EXERCISE AIM: Could you restate every entry word for word, minus the pictures?

DATASET RECORDS:

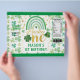 [TODO el texto es EDITABLE, excepto el de la suerte] Tema: el arcoiris del Día de San Patricio. Ocasiones: Fiesta por el cumpleaños del niño. Estilo: Agradable, Elegante, Boho. Colores: Verde, Oro, Blanco. Gráficos: Arcoiris, acuarela, falso oro.
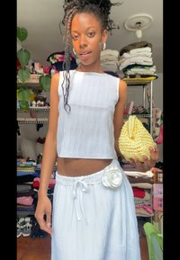 • Bílý dvoudílný outfit s krátkým topem a dlouhou sukní, vyrobený z texturované látky, s volánkovým lemem a dekorativní šňůrkou v pase.
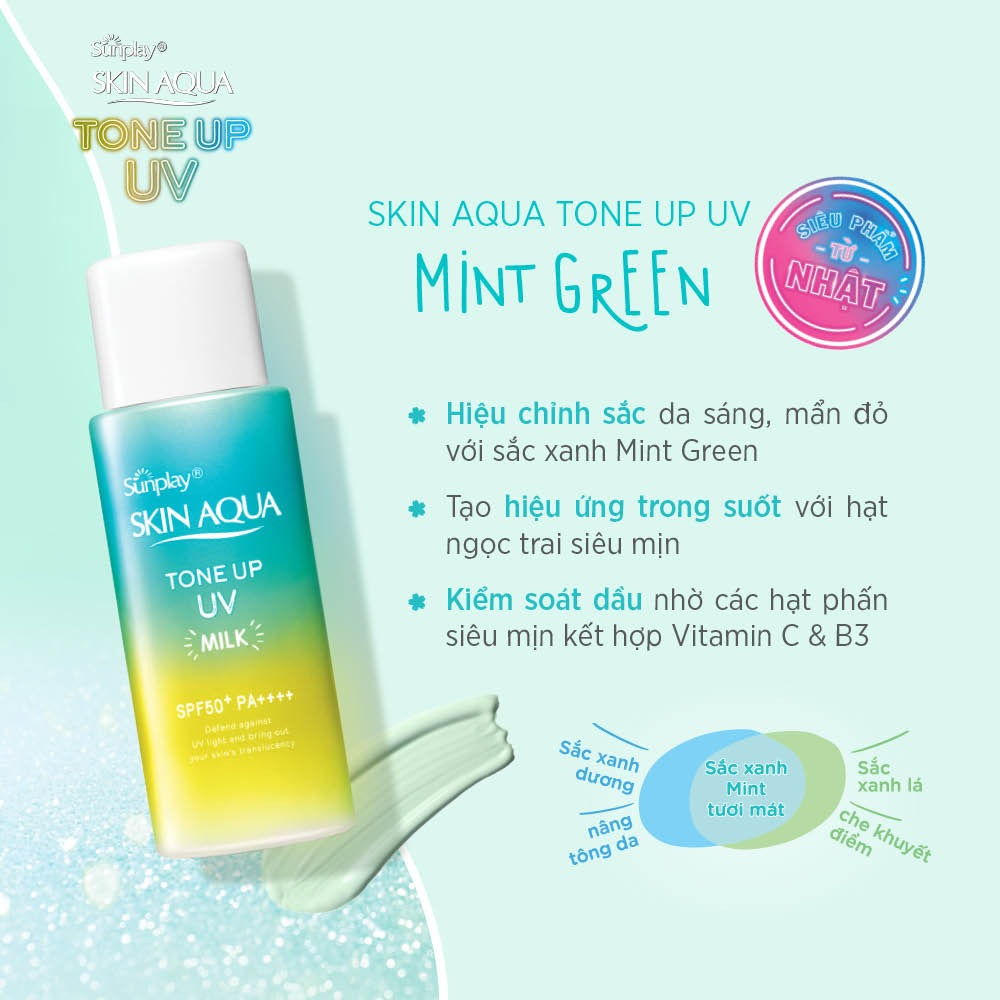 Sunplay Skin Aqua Tone Up UV Milk Mint Green dành cho da nhạy cảm, mẩn đỏ, da mụn, với chất kem hoà quyện giữa sắc xanh dương và xanh lá, tạo nên tông xanh mint trung hoà, cực kì hiệu quả trong việc hiệu chỉnh sắc da nhạy cảm, cho nàng làn da trong veo tinh khiết, giúp nâng tông và che các nốt mụn đỏ.
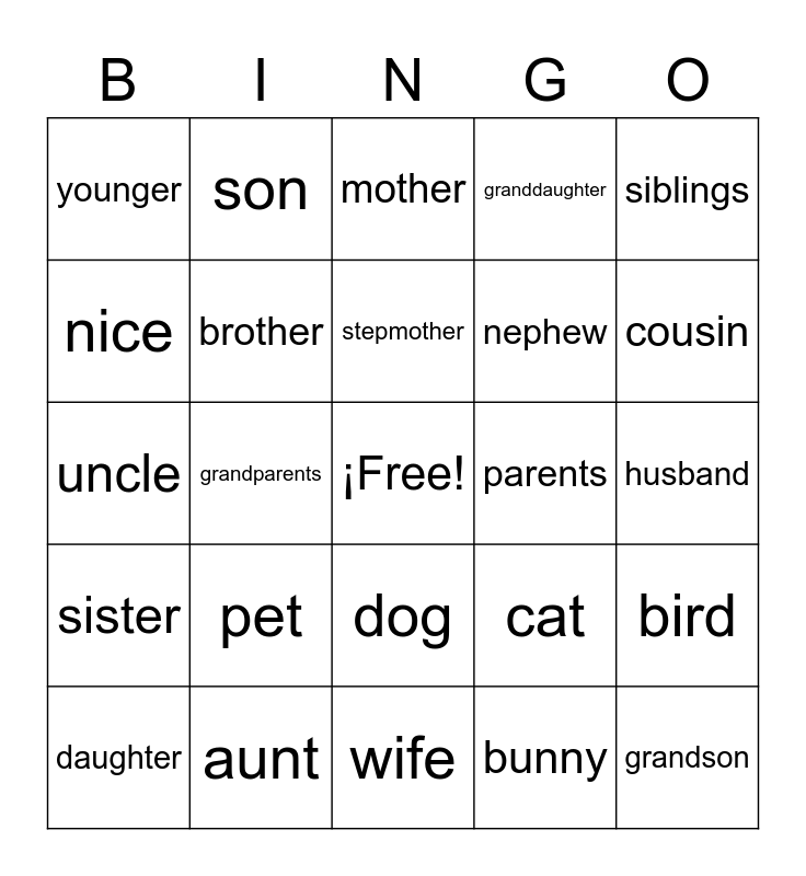 This bingo card has a free space and 33 words: grandma, grandpa, grandparents, family, sister, brother, siblings, daughter, son, children, stepmother, mother, father, stepfather, parents, cousin, aunt, uncle, pet, cat, dog, older, younger, husband, wife, grandson, granddaughter, nephew, nice, bird, fish, bunny and frog.
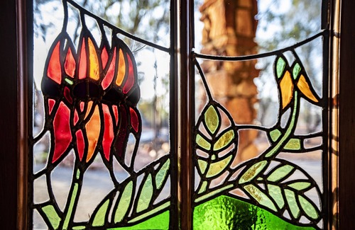 Multiple leadlight windows showcase the Sturt’s Desert Pea flower.
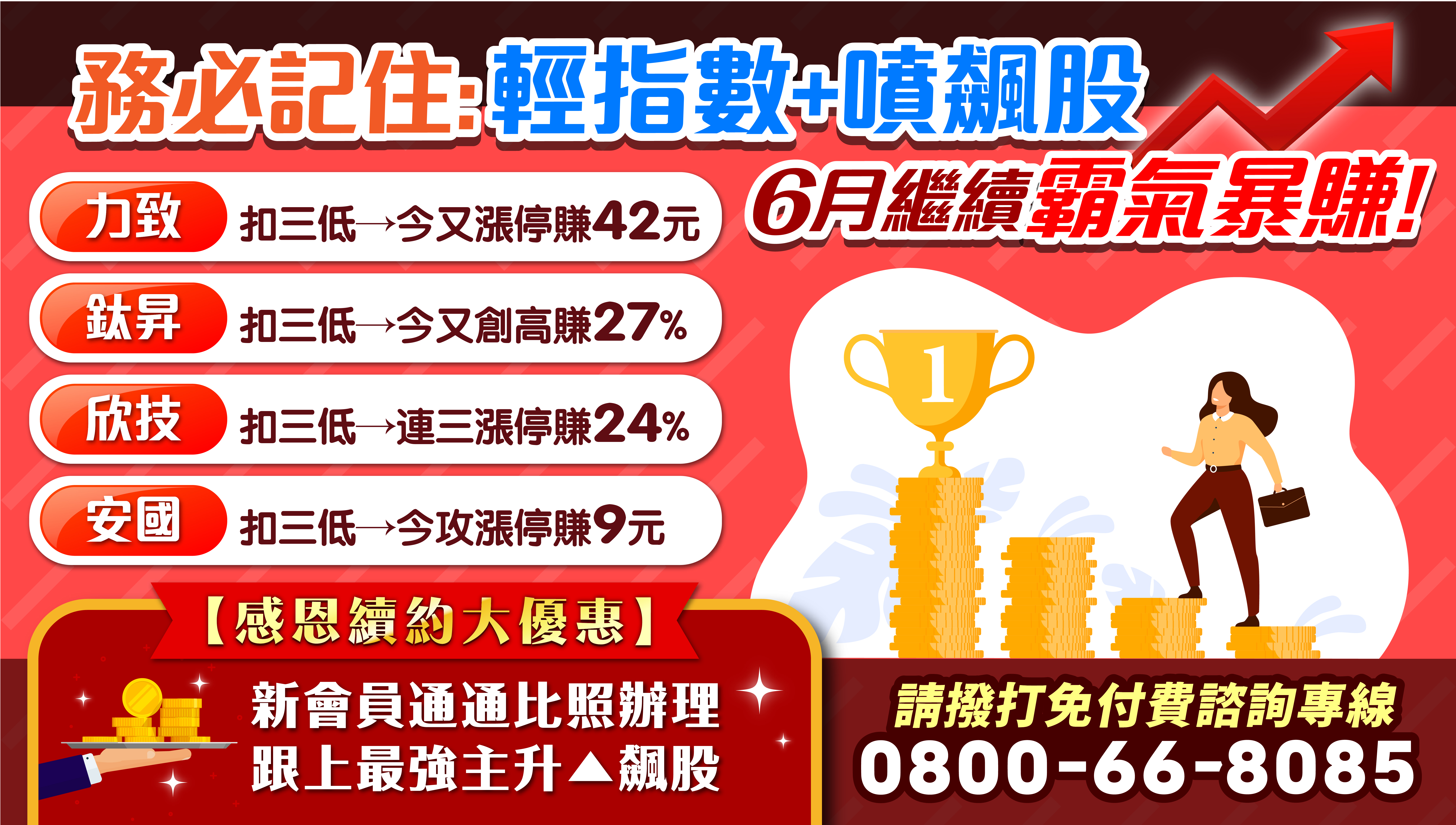 力致⊕、鈦昇27%、欣技3⊕、安國⊕!
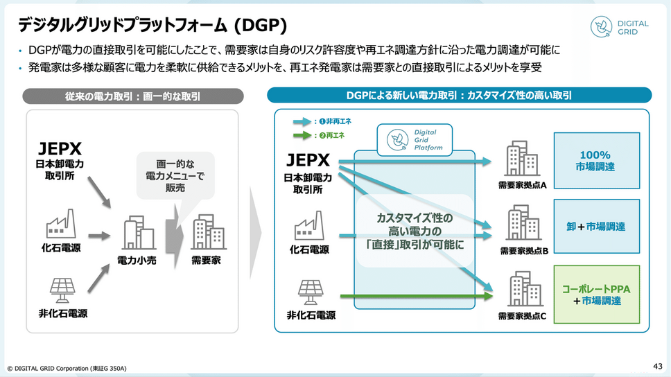 デジタルグリッドは、電力の直接取引を可能にする「デジタルグリッドプラットフォーム(DGP)」を提供する企業です。DGPによって、需要家は自社の再エネ比率や調達方針に合わせて電力を柔軟に調達でき、発電家も多様な顧客に電力を届けることができます。
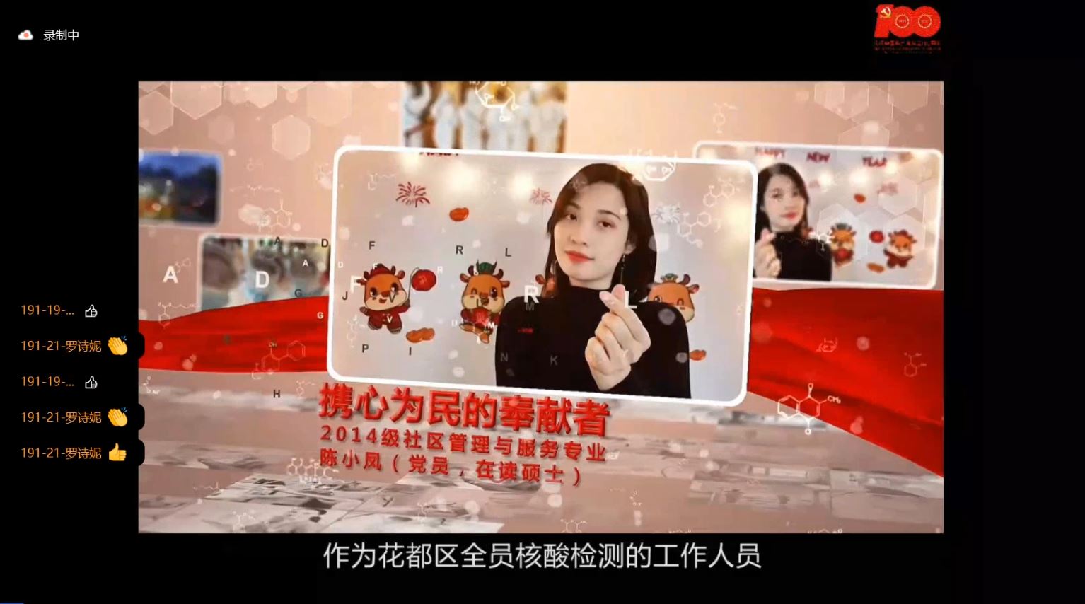 据悉,此次云汇报是社会工作/社区管理与服务专业在校3个年级线上综合实训成果的展示,以“益心益意,服务社会”、“风雨兼程,勇往直前”、“文化自信,智慧纷呈”三个篇章呈现专业课课程思政把价值塑造、知识传授和能力培养三者融为一体的实践成果。学院表示,活动是新时代社会主义接班人向建党100周年的赤诚献礼,也是一次用社会工作专业理论和方法进行疫情期间学生心理有效疏导的尝试。
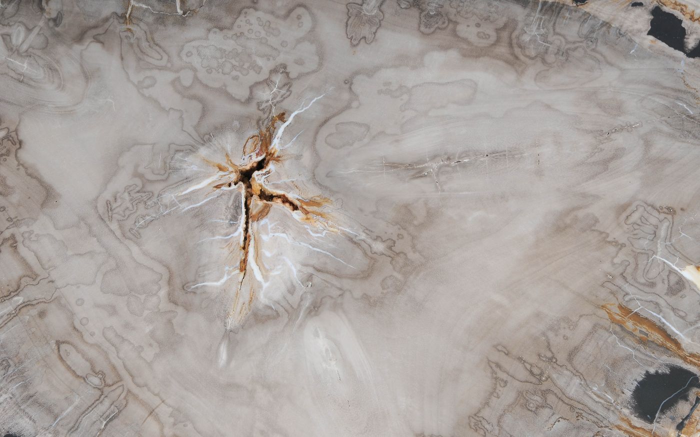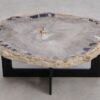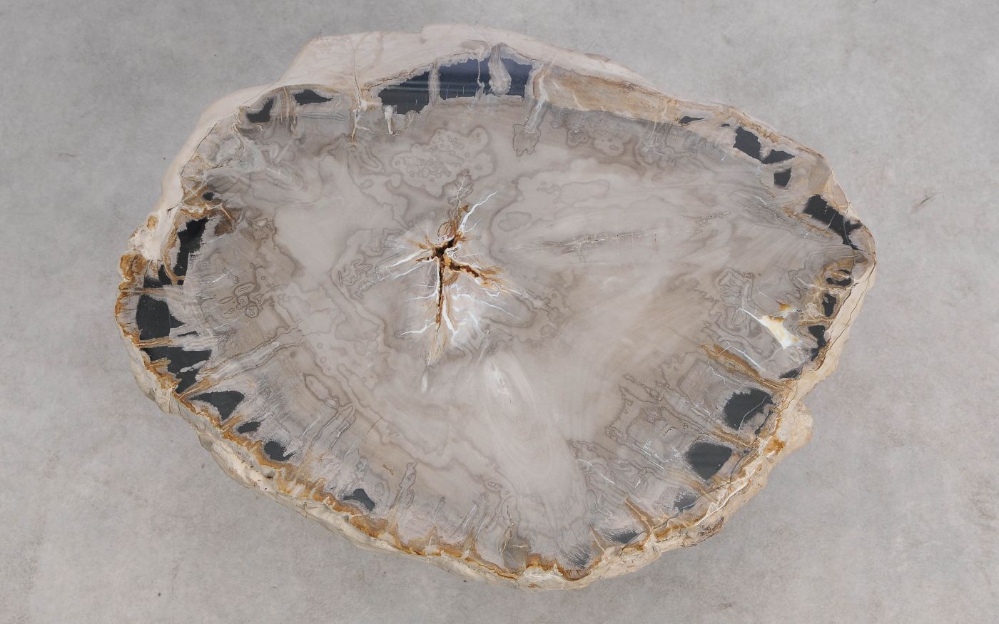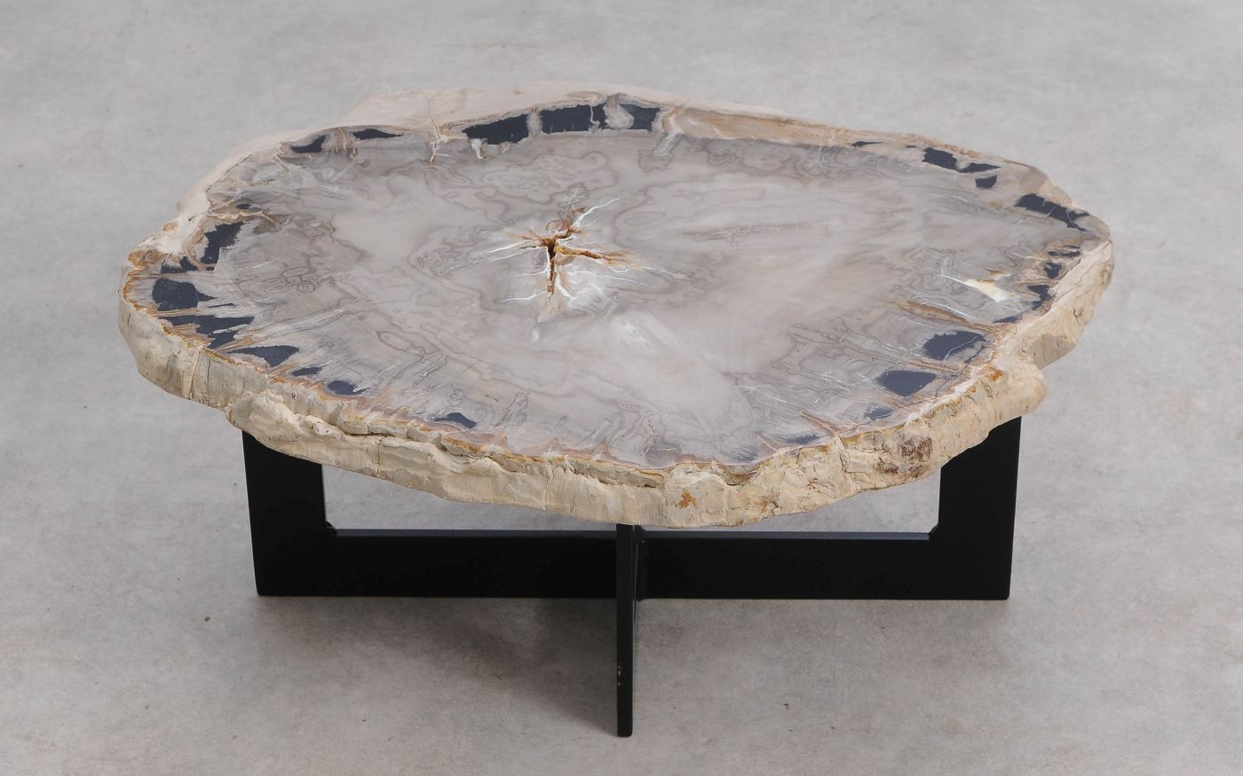 Deze unieke salontafel van versteend hout past in ieder interieur. Het tafelblad is gezaagd uit een grote versteende boom, die ongeveer 20 miljoen jaar geleden geleefd heeft. De kleuren zijn bepaald door de mineralen die het hout van deze boom vervangen hebben.
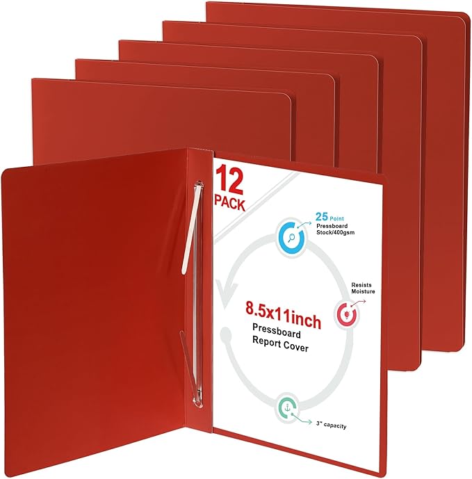 - 【Set of 12 Heavy Duty Report Covers】This package includes 12 pressboard report covers. These report covers equipped with 2piece cover and metal prongs fasteners are ideal for binding and enhancing your business documents, while a variety of colors to aiding in coding.
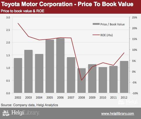 Toyota share has been trading at around 14-16x in terms of EV to EBITDA in the last years and 16x as of the end of 2012 in terms of price to earnings. As the Company's ROE dropped to below 10%, the Company traded at 1.3x multiple of its book value at the end of 2012, well below more than 2.0x seen in 2005-2006.
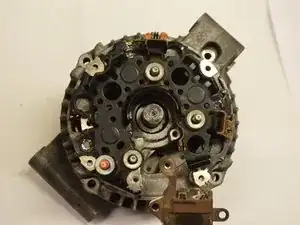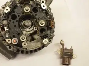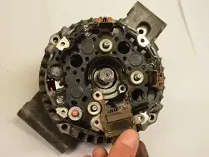 После этого вы должны увидеть внутренние компоненты генератора, в частности мостовой узел, в котором расположены выпрямитель, регулятор напряжения и щётки.
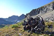 The rock which forms the visible surface of Mount Timpanogos is primarily limestone composed of compacted sediment laid down onto an ancient seafloor over millions of years during the late Carboniferous Period (roughly 300 million years ago).[6][7] Older rock exists beneath the limestone on the surface. The limestone was subsequently lifted high above sea level and the mountain itself became prominent as the Western valley sunk due to basin and range faulting.[8] The most contemporary features of the mountain were formed through recent glacial and water erosion.

RESPONSE TO THIS TASK:
 [TODO el texto es EDITABLE, excepto el de la suerte] Tema: el arcoiris del Día de San Patricio. Ocasiones: Fiesta por el cumpleaños del niño. Estilo: Agradable, Elegante, Boho. Colores: Verde, Oro, Blanco. Gráficos: Arcoiris, acuarela, falso oro.
 • Bílý dvoudílný outfit s krátkým topem a dlouhou sukní, vyrobený z texturované látky, s volánkovým lemem a dekorativní šňůrkou v pase.
 Sunplay Skin Aqua Tone Up UV Milk Mint Green dành cho da nhạy cảm, mẩn đỏ, da mụn, với chất kem hoà quyện giữa sắc xanh dương và xanh lá, tạo nên tông xanh mint trung hoà, cực kì hiệu quả trong việc hiệu chỉnh sắc da nhạy cảm, cho nàng làn da trong veo tinh khiết, giúp nâng tông và che các nốt mụn đỏ.
 This bingo card has a free space and 33 words: grandma, grandpa, grandparents, family, sister, brother, siblings, daughter, son, children, stepmother, mother, father, stepfather, parents, cousin, aunt, uncle, pet, cat, dog, older, younger, husband, wife, grandson, granddaughter, nephew, nice, bird, fish, bunny and frog.
 Multiple leadlight windows showcase the Sturt’s Desert Pea flower.
 力致⊕、鈦昇27%、欣技3⊕、安國⊕!
 デジタルグリッドは、電力の直接取引を可能にする「デジタルグリッドプラットフォーム(DGP)」を提供する企業です。DGPによって、需要家は自社の再エネ比率や調達方針に合わせて電力を柔軟に調達でき、発電家も多様な顧客に電力を届けることができます。
 据悉,此次云汇报是社会工作/社区管理与服务专业在校3个年级线上综合实训成果的展示,以“益心益意,服务社会”、“风雨兼程,勇往直前”、“文化自信,智慧纷呈”三个篇章呈现专业课课程思政把价值塑造、知识传授和能力培养三者融为一体的实践成果。学院表示,活动是新时代社会主义接班人向建党100周年的赤诚献礼,也是一次用社会工作专业理论和方法进行疫情期间学生心理有效疏导的尝试。
 Deze unieke salontafel van versteend hout past in ieder interieur. Het tafelblad is gezaagd uit een grote versteende boom, die ongeveer 20 miljoen jaar geleden geleefd heeft. De kleuren zijn bepaald door de mineralen die het hout van deze boom vervangen hebben.
 - 【Set of 12 Heavy Duty Report Covers】This package includes 12 pressboard report covers. These report covers equipped with 2piece cover and metal prongs fasteners are ideal for binding and enhancing your business documents, while a variety of colors to aiding in coding.
 Toyota share has been trading at around 14-16x in terms of EV to EBITDA in the last years and 16x as of the end of 2012 in terms of price to earnings. As the Company's ROE dropped to below 10%, the Company traded at 1.3x multiple of its book value at the end of 2012, well below more than 2.0x seen in 2005-2006.
 После этого вы должны увидеть внутренние компоненты генератора, в частности мостовой узел, в котором расположены выпрямитель, регулятор напряжения и щётки.
 The rock which forms the visible surface of Mount Timpanogos is primarily limestone composed of compacted sediment laid down onto an ancient seafloor over millions of years during the late Carboniferous Period (roughly 300 million years ago).[6][7] Older rock exists beneath the limestone on the surface. The limestone was subsequently lifted high above sea level and the mountain itself became prominent as the Western valley sunk due to basin and range faulting.[8] The most contemporary features of the mountain were formed through recent glacial and water erosion.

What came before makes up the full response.